時短勤務の所得が反映されるのは翌年6月以降で、そこから月々の負担が軽くなります。なお、育児休業給付金などの非課税の給付は計算に含まれないため、育休期間が長かった年の翌年度は住民税が少なくなるケースもあります。
社会保険料の変更には時間がかかる
社会保険料のもとになる標準報酬月額はすぐには変わらず、育児休業等終了時改定を使っても保険料が下がるのは復帰4か月目からです。それまでの数か月は時短前の給与水準の保険料が引かれ、手取りが数千円から1万円以上減ることがあります。
改定の手続きをしない場合、固定的賃金の変動と原則2等級以上の差が要件の随時改定か、毎年4〜6月の報酬で決まる9月からの定時決定まで高い保険料が続く場合もあります。
復帰直後はこの目減りを見込んでおきましょう。
賞与や欠勤による減収も見込む
月給だけでなく、賞与や突発的な休みによる減収も含め、月単位ではなく年収ベースで手取りを見積もりましょう。賞与は基本給や労働時間に連動する会社が多く、時短割合と同じ25%前後減ることもあり、算定方法は勤務先の規程で確認が必要です。
また、子どもの発熱などで有給休暇を使い切ると、欠勤控除で日割りの減額が生じます。2025年4月から子の看護等休暇は小学校3年生修了まで取得できますが、有給にするかは法律上の義務がなく会社の規程によります。
7.時短勤務に関するよくある質問
この章では、時短勤務の収入に関して質問の多い、配偶者の扶養に入れるかどうかの判断基準を税金と社会保険に分けて説明します。
時短勤務でも扶養に入れる?
税金と社会保険で答えが分かれます。
自分が勤務先の健康保険・厚生年金に加入中は配偶者の社会保険の扶養に入れず、資格を失った場合は、2026年4月以降、労働契約から見込まれる年収が原則130万円未満などの要件で認定されます。

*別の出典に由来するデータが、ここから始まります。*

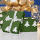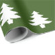 A pattern of white Christmas trees appears on this dark green tissue paper.
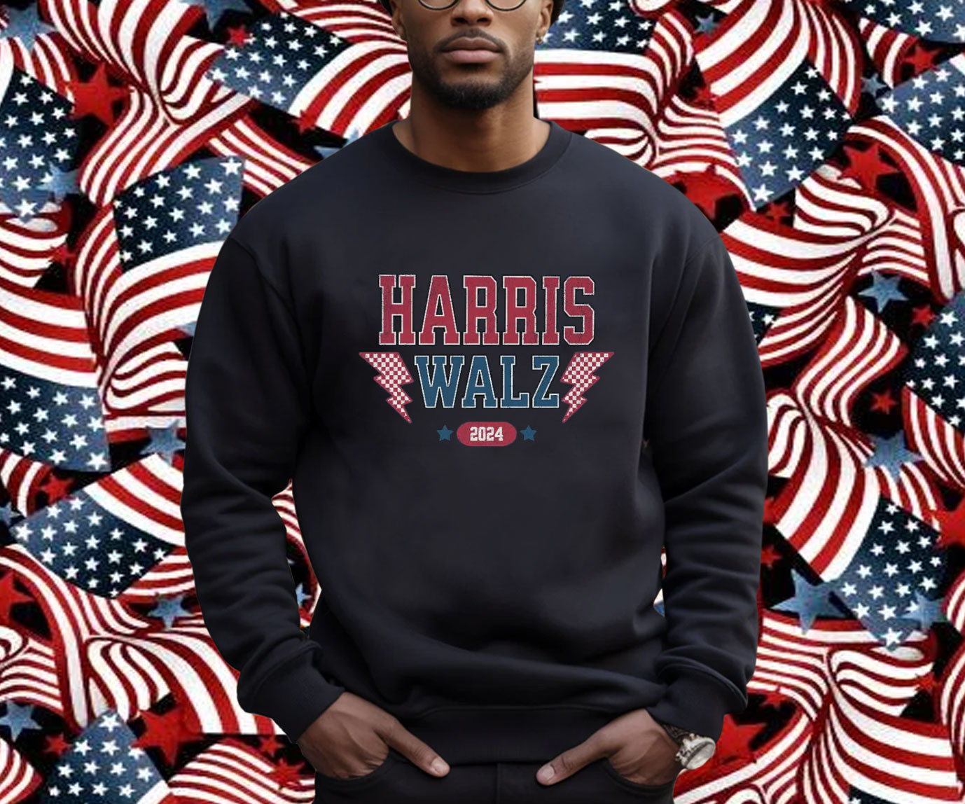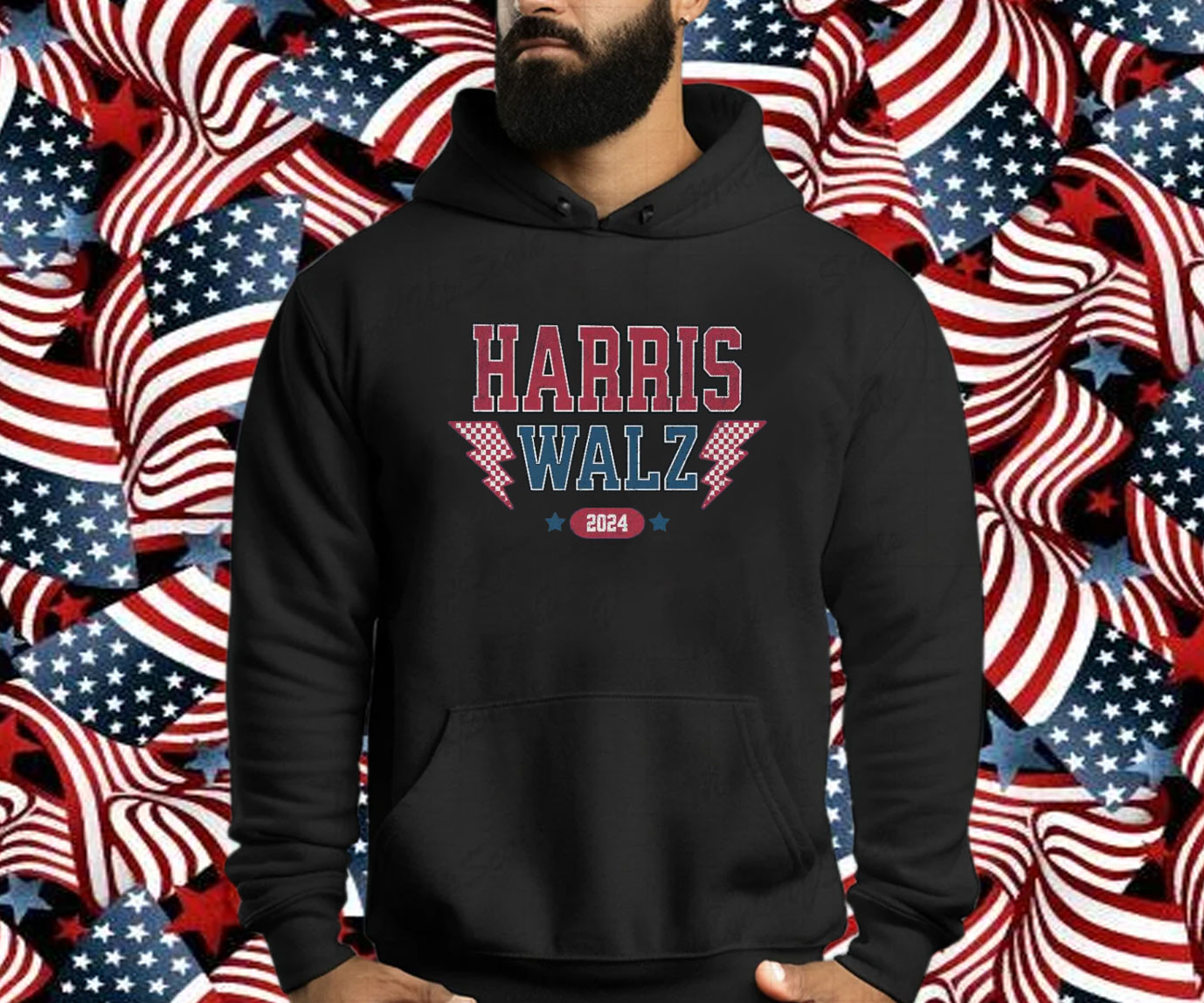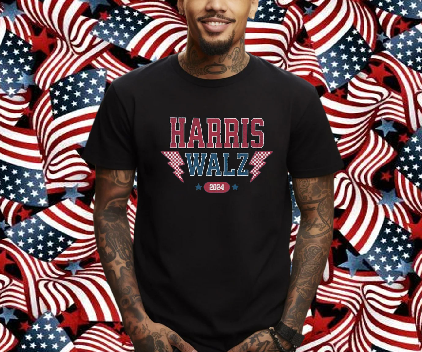 The shirt features a vibrant print of the Harris Walz 2024 logo, prominently displayed on the front. The bold colors and crisp lines command attention, making you an instant advocate for the campaign.
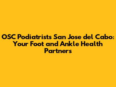 Hey guys! If you're in San Jose del Cabo and dealing with foot or ankle issues, you're probably searching for top-notch care. That's where OSC Podiatrists come in! We're diving deep into what makes these specialists your go-to for all things foot-related, covering everything from routine check-ups to complex surgical procedures. Get ready to learn about their expertise, the conditions they treat, and why choosing the right podiatrist is crucial for keeping you on your feet, literally! Let's get started on understanding why OSC Podiatrists in San Jose del Cabo are the best choice for you. Let's delve into the world of foot and ankle health with OSC Podiatrists!
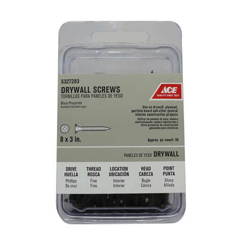 Ace No. 8 S X 3 in. L Phillips Drywall Screws 50 pk
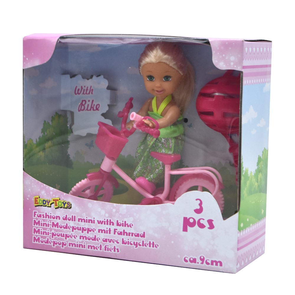 Children's toy set, which contains a small doll and a bicycle. This toy helps to develop imagination and creativity, develop motor skills and develop learning skills in young children. The constituent material and the paint have no toxic or harmful composition for children and the product is certified for children's safety. This product is suitable for use by children over 3 years old.
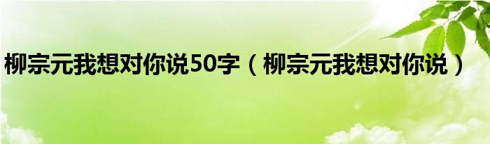 柳宗元我想对你说50字(柳宗元我想对你说)
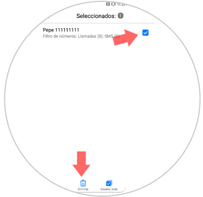 Selecciona el contacto bloqueado que quieres desbloquear pulsando sobre él, y cuando esté seleccionado con un check pulsa en “eliminar” en la parte inferior de la pantalla.

一方、2026年分所得税は12月施行の改正後、給与収入132万円以下が配偶者控除、207万円以下が配偶者特別控除の目安です。時短で年収が下がった年は、配偶者の年末調整で適用を確認すると世帯の手取りを増やせます。
8.まとめ
時短勤務では労働時間に応じて額面が減り、8時間から6時間への短縮なら月給は約25%減、手取りは額面の8割前後が目安です。
ただし、2歳未満の子を育てる方には賃金の10%が非課税で支給される育児時短就業給付金があり、社会保険料の特例を併用すれば、負担を抑えながら将来の年金額も維持できます。
復帰前にまずは就業規則と手当の扱いを確認し、給付金と特例の申請意思を勤務先へ伝えることから始めましょう。
支給限度額など変わりやすい数字は厚生労働省やハローワークの最新情報で確かめたうえで、無理のない家計の計画を立て、納得のいく働き方との両立を実現していきましょう。
本記事が皆様にとって少しでもお役に立てますと幸いです。